Fabrication and Characterization of Aerosol Jet Printed Carbon-Based Strain Sensors on Flexible Substrates

(Drs. kevin walsh & dilan ratnayake, eCE)

Aerosol Jet Printing (AJP) provides a mask-less, additive manufacturing approach capable of depositing fine conductive features directly onto flexible substrates, enabling compact and customizable electronics. In this project, the student will use the AJP system to print carbon-based conductive ink traces with different geometries, such as serpentine, grid, and linear patterns, on flexible substrates (such as polyimide or PET). The work will involve establishing process conditions—varying print speed, atomizer and sheath flows, number of passes, and curing or sintering parameters—to achieve uniform, low-resistance carbon traces. Once printed, the traces will be electrically characterized under no load to determine baseline resistance and sheet resistivity, and then mechanically challenged by controlled bending or stretching to evaluate the change in resistance versus applied strain. From these data, the gauge factor, linearity, repeatability, hysteresis, and drift of the printed strain sensor will be quantified. The student will also develop a simple statistical or regression-based model correlating printing and curing parameters with sensor performance, thus identifying critical factors affecting performance. The accompanying figure highlights the printing versatility of the AJP system, demonstrating its ability to deposit narrow 30 µm silver lines on various complex surfaces, including glass, silicon cavities, polyimide diaphragms, and carbon fiber rods. At the end of the 10-week period, the student will deliver a written report and present a poster summarizing the fabrication, characterization, and analysis of the carbon-ink-based strain sensors.

References

•        Ratnayake, D., Curry, A. and Walsh, K., 2021, June. Demonstrating a new ink material for aerosol printing conductive traces and custom strain gauges on flexible surfaces. In 2021 IEEE International Conference on Flexible and Printable Sensors and Systems (FLEPS) (pp. 1-4). IEEE.
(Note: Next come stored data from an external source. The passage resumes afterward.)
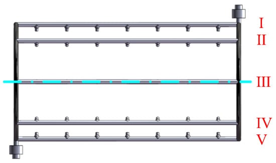 After the test, the airflow pipe was distributed symmetrically with respect to the blue dotted line, as displayed in Figure 6. The position of the trommel sieve was affected by the jet airflow of the nozzle for a longer period of time during a rotation cycle. When the airflow pipe was on the same side of the blue dotted line, one position of the trommel sieve was affected by the jet airflow of the nozzle for a shorter period of time and was more likely to cause blockage of the screen holes and increase the difficulty of blockage clearing. As illustrated in Figure 6, Fluent (Lancaster, PA, USA) software was used to simulate the airflow pipe. The divided mesh file was imported into Fluent software, the standard k-ε model was selected as the calculation model [19], and the SIMPLEC algorithm was used to calculate the equation solution [20]. The airflow pipes were arranged as follows: Ⅰ, Ⅱ, Ⅲ, Ⅳ, and V; Ⅰ, Ⅲ, and V; and Ⅱ and Ⅳ; the airflow pipe for the simulation calculations for the nozzle jet airflow velocity statistics were derived for the three arrangements.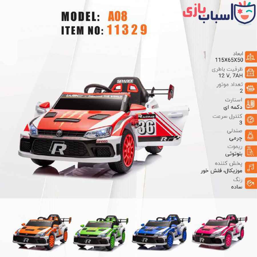 ماشین کنترلی دوموتور سه سرعت – ریموت بلوتوثی – باتری ۱۲ ولت – صندلی چرمی موزیکال فلش خور استارت دکمه ای – رنگ ساده – ابعاد ۱۱۵۶۵۰۵۰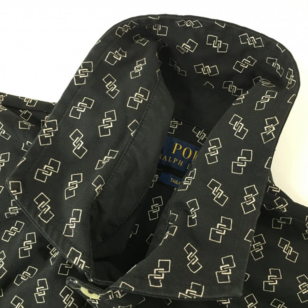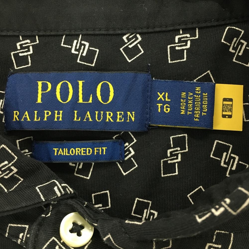 【美品】ポロラルフローレン 半袖ポロシャツ 黒×白 総柄 メンズ XL TG ゴルフウェア Ralph Lauren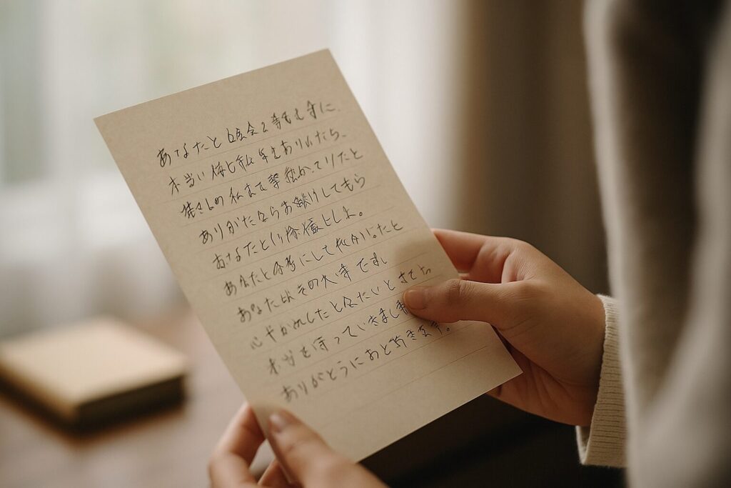 彼氏に気持ちを伝えたい 恋人からの手紙を読んで、思わず涙がこぼれた——そんな経験をした方は少なくないはずです。普段はLINEや通話ばかりのやり取りでも、手紙には“言葉以上の想い”が込められていて、心に深く残ります。 「感動的な手紙って、どんな風に... -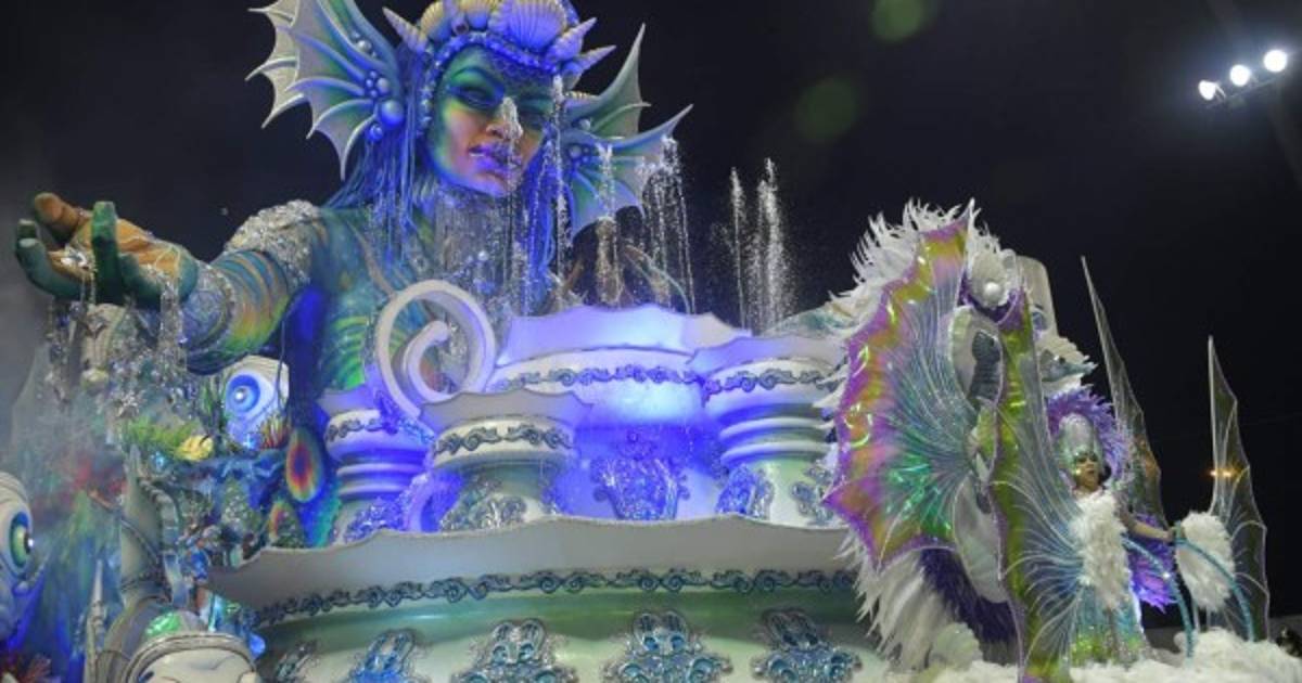 6 / 16La escuela Viradouro rindió un homenaje a la resistencia de mujeres esclavas en este país donde la esclavitud perduró hasta fines del siglo XIX. En la primera carroza, una sirena negra con una larga cola dorada nadaba en un acuario de 7.000 litros de agua mineral. -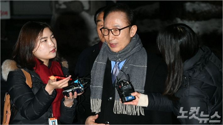 이명박 전 대통령이 12월 18일 오후 서울 강남의 한 식당에서 친이(親이명박)계 출신 전·현직 의원들과 만찬 회동 전 취재진의 질의에 답하고 있다. (사진=이한형 기자)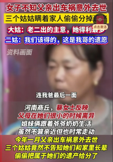 太欺负人了!女子不知父亲去世3个姑姑分掉遗产#,感觉俩姐妹太可怜了。根据新闻报道,这对姐妹很小的时候,父母就离异了,两姐妹就只能在老家跟着爷爷奶奶长大。后来,他们的爸爸不知道有没有再婚,但应该没有其他孩子,就她们俩。姐妹俩因为跟爷爷奶奶长大的,与三个姑姑不说多亲密,但都是正常走动的亲戚关系,一直以为大家是一家人。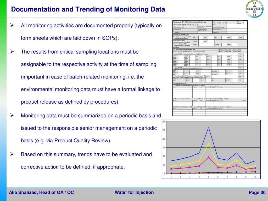 Documentation and Trending of Monitoring Data • All monitoring activities are documented properly (typically on form sheets which are laid down in SOPs). • The results from critical sampling locations must be assignable to the respective activity at the time of sampling (important in case of batch-related monitoring, i.e. the environmental monitoring data must have a formal linkage to product release as defined by procedures). • Monitoring data must be summarized on a periodic basis and issued to the responsible senior management on a periodic basis (e.g. via Product Quality Review). • Based on this summary, trends have to be evaluated and corrective action to be defined, if appropriate.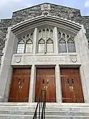 Arches: The entrance doors to the gymnasium are under one pointed arch. There are also six windows with a similar shape above the main doors.

•        Ratnayake, D., Curry, A.T., Qu, C., Usher, J. and Walsh, K., 2021, June. Characterizing the Conductivity of Aerosol Jet Printed Silver Features on Glass. In International Manufacturing Science and Engineering Conference (Vol. 85079, p. V002T08A007). American Society of Mechanical Engineers.

•        Ferris, C., Ratnayake, D., Curry, A., Wei, D., Gerber, E., Druffel, T. and Walsh, K., 2022, June. Characterizing the Conductivity of Aerosol Jet Printed Silver Traces on Glass Using Intense Pulsed Light (IPL). In International Manufacturing Science and Engineering Conference (Vol. 85802, p. V001T07A015). American Society of Mechanical Engineers.

•        Olowo, O.O., Zhang, R., Wei, D., Ratnayake, D., Jackson, D. and Popa, D.O., 2022, July. Aerosol Jet Printed Tactile Sensor on Flexible Substrate. In 2022 IEEE International Conference on Flexible and Printable Sensors and Systems (FLEPS) (pp. 1-4). IEEE.

•        Ratnayake, D., Curry, A., Qu, C., Wei, D., Gerber, E. and Walsh, K., 2023. Optimizing the Conductivity of a New Nano-particle Silver Ink for Aerosol Jet Printing and Demonstrating its use as a Strain Gauge. IEEE Journal on Flexible Electronics.

•        Olowo, O.O., Wei, D., Ratnayake, D., Goulet, B., Curry, A., Sherehiy, A., Zhang, R. and Popa, D.O., 2022, July. PEDOT: PSS Polymer Aerosol Jet-printing for Robotic Skin Sensors. In 2022 IEEE International Conference on Flexible and Printable Sensors and Systems (FLEPS) (pp. 1-4). IEEE.